=== Provided data ===

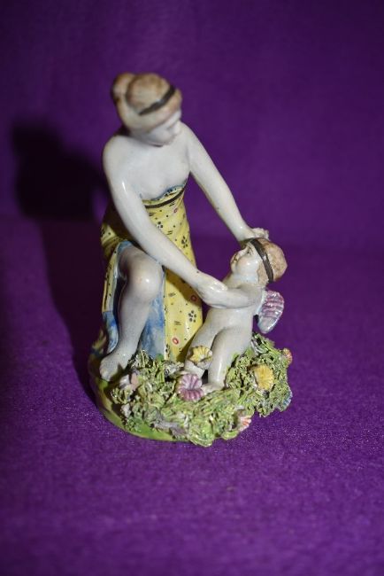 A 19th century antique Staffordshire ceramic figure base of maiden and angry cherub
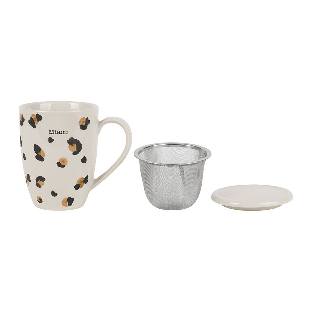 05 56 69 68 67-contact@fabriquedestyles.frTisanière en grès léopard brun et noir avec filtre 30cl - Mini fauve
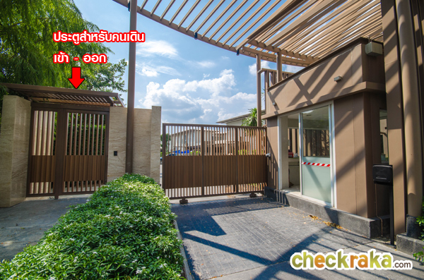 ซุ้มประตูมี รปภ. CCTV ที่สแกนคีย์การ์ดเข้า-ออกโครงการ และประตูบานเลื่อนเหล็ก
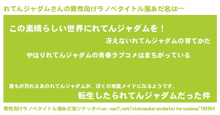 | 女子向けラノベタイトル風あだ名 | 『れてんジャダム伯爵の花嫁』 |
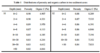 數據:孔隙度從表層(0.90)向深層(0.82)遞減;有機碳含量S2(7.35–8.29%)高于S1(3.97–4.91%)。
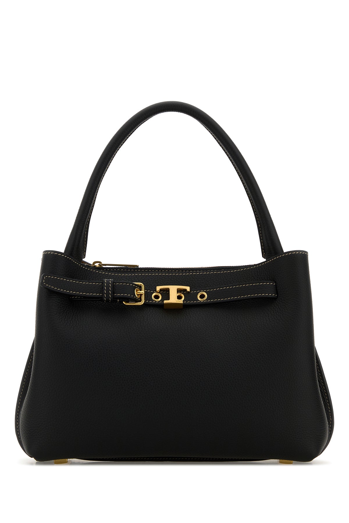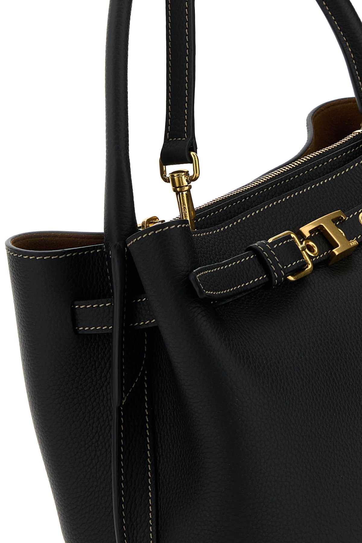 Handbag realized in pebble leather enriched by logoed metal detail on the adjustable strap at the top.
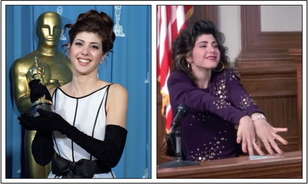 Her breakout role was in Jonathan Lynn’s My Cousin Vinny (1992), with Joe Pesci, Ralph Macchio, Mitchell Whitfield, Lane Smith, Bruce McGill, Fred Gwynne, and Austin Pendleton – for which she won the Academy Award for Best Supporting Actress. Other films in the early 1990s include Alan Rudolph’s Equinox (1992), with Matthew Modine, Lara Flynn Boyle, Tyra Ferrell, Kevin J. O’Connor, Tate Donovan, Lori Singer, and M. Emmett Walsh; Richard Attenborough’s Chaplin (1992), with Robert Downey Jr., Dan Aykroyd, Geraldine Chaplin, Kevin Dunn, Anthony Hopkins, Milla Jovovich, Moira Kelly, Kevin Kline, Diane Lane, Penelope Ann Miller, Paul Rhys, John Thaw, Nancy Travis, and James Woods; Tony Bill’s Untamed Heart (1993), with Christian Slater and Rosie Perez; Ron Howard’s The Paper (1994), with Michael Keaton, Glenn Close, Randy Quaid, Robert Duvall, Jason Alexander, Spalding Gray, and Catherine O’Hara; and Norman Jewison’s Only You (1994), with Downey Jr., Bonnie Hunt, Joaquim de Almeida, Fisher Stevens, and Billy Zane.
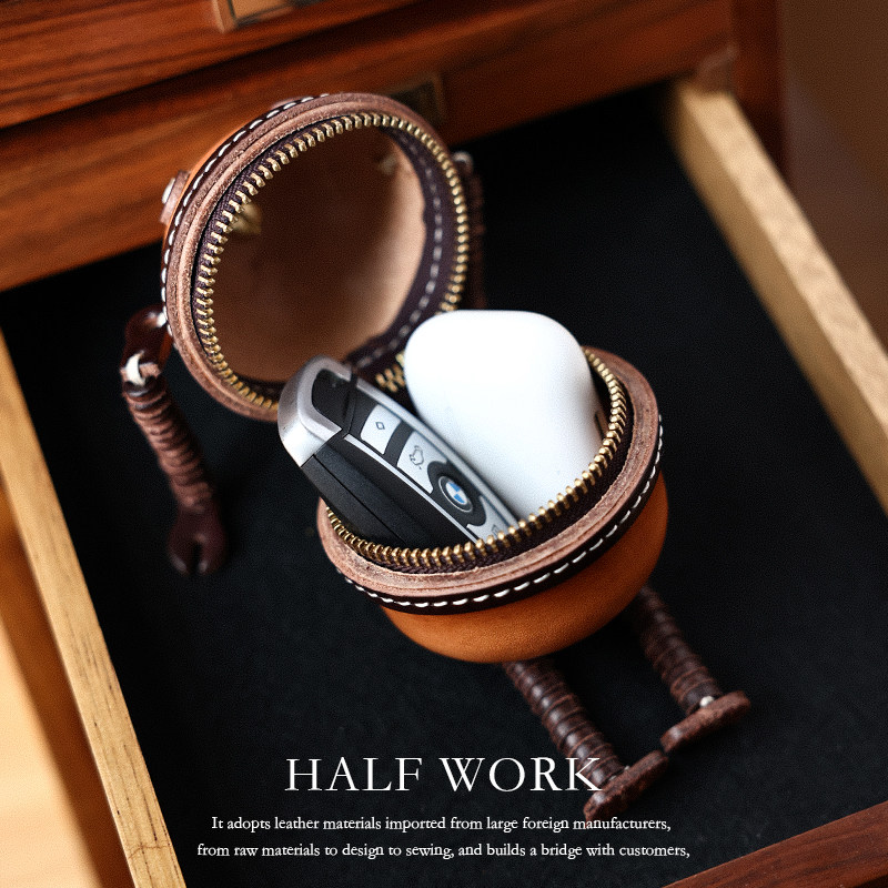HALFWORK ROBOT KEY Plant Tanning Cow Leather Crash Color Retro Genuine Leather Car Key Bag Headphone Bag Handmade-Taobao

===

Aim of the task:
Pictures do not belong in the answer. Return the lines above starting at the one with "05 56 69 68" and ending at the one with "Handbag realized in", both kept, exactly.

Exercise response:
 05 56 69 68 67-contact@fabriquedestyles.frTisanière en grès léopard brun et noir avec filtre 30cl - Mini fauve
 ซุ้มประตูมี รปภ. CCTV ที่สแกนคีย์การ์ดเข้า-ออกโครงการ และประตูบานเลื่อนเหล็ก
 | 女子向けラノベタイトル風あだ名 | 『れてんジャダム伯爵の花嫁』 |
 數據:孔隙度從表層(0.90)向深層(0.82)遞減;有機碳含量S2(7.35–8.29%)高于S1(3.97–4.91%)。
 Handbag realized in pebble leather enriched by logoed metal detail on the adjustable strap at the top.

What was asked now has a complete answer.